Maliciously Defined. Pen. Code, § 7, subd. 4; People v. Lopez (1986) 176 Cal.App.3d 545, 550 [222 Cal.Rptr. 101]; see also People v. Heideman (1976) 58 Cal.App.3d 321, 335 [130 Cal.Rptr. 349].
Constructive vs. Actual Possession. See People v. Azevedo (1984) 161 Cal.App.3d 235, 242-243 [207 Cal.Rptr. 270], questioned on other grounds in In re Jorge M. (2000) 23 Cal.4th 866, 876, fn. 6 [98 Cal.Rptr.2d 466, 4 P.3d 297]; People v. Yoshimura (1979) 91 Cal.App.3d 609, 619 [154 Cal.Rptr. 314].
Unanimity. People v. Heideman (1976) 58 Cal.App.3d 321, 333 [130 Cal.Rptr. 349].
2 Witkin & Epstein, California Criminal Law (3d ed. 2000) Crimes Against Public Peace and Welfare, §§ 168-169.
4 Millman, Sevilla & Tarlow, California Criminal Defense Practice, Ch. 85, Submission to Jury and Verdict, § 85.02[a][i] (Matthew Bender).
6 Millman, Sevilla & Tarlow, California Criminal Defense Practice, Ch. 144, Crimes Against Order, § 144.01[c] (Matthew Bender).
Lesser Included Offenses
Possession of Destructive Device. Pen. Code, § 12303; People v. Westoby (1976) 63 Cal.App.3d 790, 795 [134 Cal.Rptr. 97].
Possession of Explosive. Health & Saf. Code, § 12305; People v. Westoby (1976) 63 Cal.App.3d 790, 795 [134 Cal.Rptr. 97].
Need Not Be Set to Explode
"One need not possess a destructive device already set to explode in order to violate Penal Code section 12303.2." (People v. Westoby (1976) 63 Cal.App.3d 790, 795 [134 Cal.Rptr. 97].) Thus, the defendant in Westoby was guilty of possessing a destructive device even though the battery wires were not connected on the pipe bomb. (Ibid.) Similarly, in People v. Heideman (1976) 58 Cal.App.3d 321, 335-336 [130 Cal.Rptr. 349], the defendant was guilty of illegally possessing dynamite even though he did not have the blasting caps necessary to ignite the dynamite. (See also People v. Morse (1992) 2 Cal.App.4th 620, 646-647 [3 Cal.Rptr.2d 343] [instruction on this point proper].)

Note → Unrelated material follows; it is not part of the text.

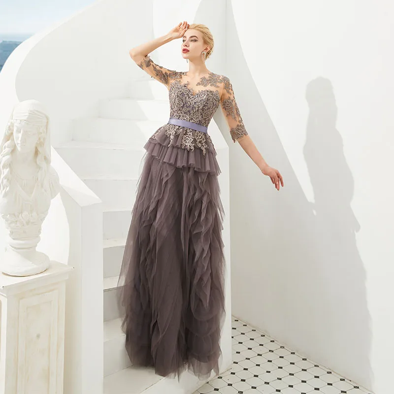 Кружевное платье для матери невесты, с коротким рукавом и аппликацией

Penal Code section 12303.2 is an inherently dangerous felony supporting a conviction for second degree felony murder. (People v. Morse (1992) 2 Cal.App.4th 620, 646 [3 Cal.Rptr.2d 343].) However, in People v. Morse, the trial court erred in instructing that if the jury convicted the defendant of second degree murder on the basis of felony murder, the murder was then elevated to first degree murder based on the use of a destructive device. (Id. at pp. 654-655.)

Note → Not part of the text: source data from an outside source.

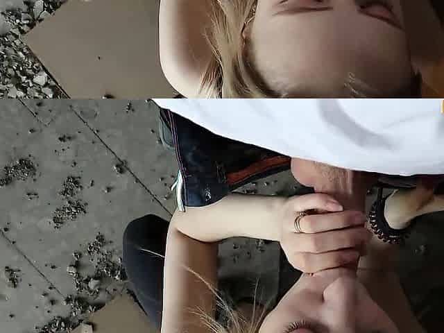 Captivating golden-haired woman is sucking a goth hard rod in front of the camera, in POV
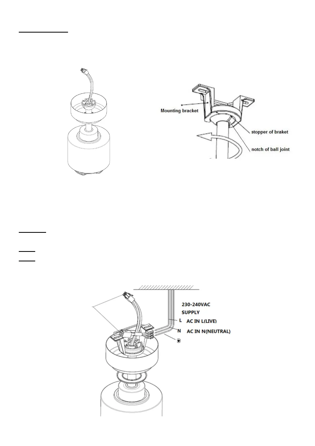 Ensure the notch of ball joint is positioned on the stopper of mounting bracket to prevent fan from rotating when in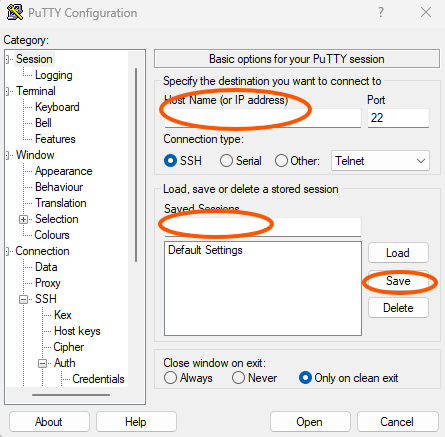 11. 이제 PuTTY를 열어줍니다. Host Name에는 EC2 인스턴스에서 퍼블릭 IPv4 주소를 입력해줍니다. 인스턴스를 클릭하면 세부정보를 볼 수 있는데, 가운데에 위치해 있을 것입니다. 복사하고 Host Name에 붙여넣어주세요. Saved Sessions에 원하는 이름을 넣고 Save를 눌러줍니다. 그럼 나중에 껐다 켰을 때도 Host Name이 유지가 됩니다.

Multiple Charges Based on Multiple Explosives or Destructive Devices
The defendant may be charged with multiple counts of violating Penal Code section 12303.2 based on possession of multiple explosives or destructive devices. (People v. DeGuzman (2003) 113 Cal.App.4th 538, 548 [6 Cal.Rptr.3d 739].)
Maliciously—People v. Heideman
In People v. Heideman (1976) 58 Cal.App.3d 321 [139 Cal.Rptr. 349], the defendant offered to commit murder for hire using explosives and possessed the explosives. (Id. at pp. 327-329.) The defendant asserted that he did not actually intend to physically injure anyone but simply to defraud the individuals offering to pay for the murders. (Id. at pp. 330-331.) On appeal, the defendant contended that the court had improperly instructed on the meaning of "recklessness," which the prosecution conceded. (Id. at p. 334.) Noting that the "[d]efendant admitted that his purpose in storing the dynamite in his room was to carry out a nefarious scheme to defraud his victims," the court found sufficient evidence to establish malice. (Id. at p.

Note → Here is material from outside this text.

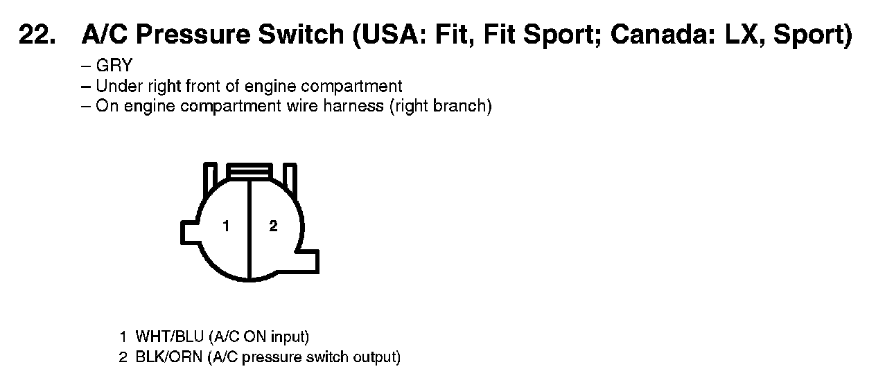 22. A/C Pressure Switch (USA: Fit, Fit Sport; Canada: LX, Sport):

335.) The court stated that under the facts of the case before it, the term "maliciously" did not "require an actual intent to physically injure, intimidate or terrify others." (Ibid.) Accordingly, the court found that the error in the instruction on "recklessness" was harmless given that there was sufficient evidence to support the higher culpability standard of malice. (Ibid.) The committee did not incorporated the language from Heideman in the definition of "maliciously" in this instruction because the committee concluded that this case reflects unique facts and that the language quoted is dicta, not essential to the ruling of the case.
See the Related Issues section to CALCRIM No. 2571, Carrying or Placing Explosive or Destructive Device on Common Carrier.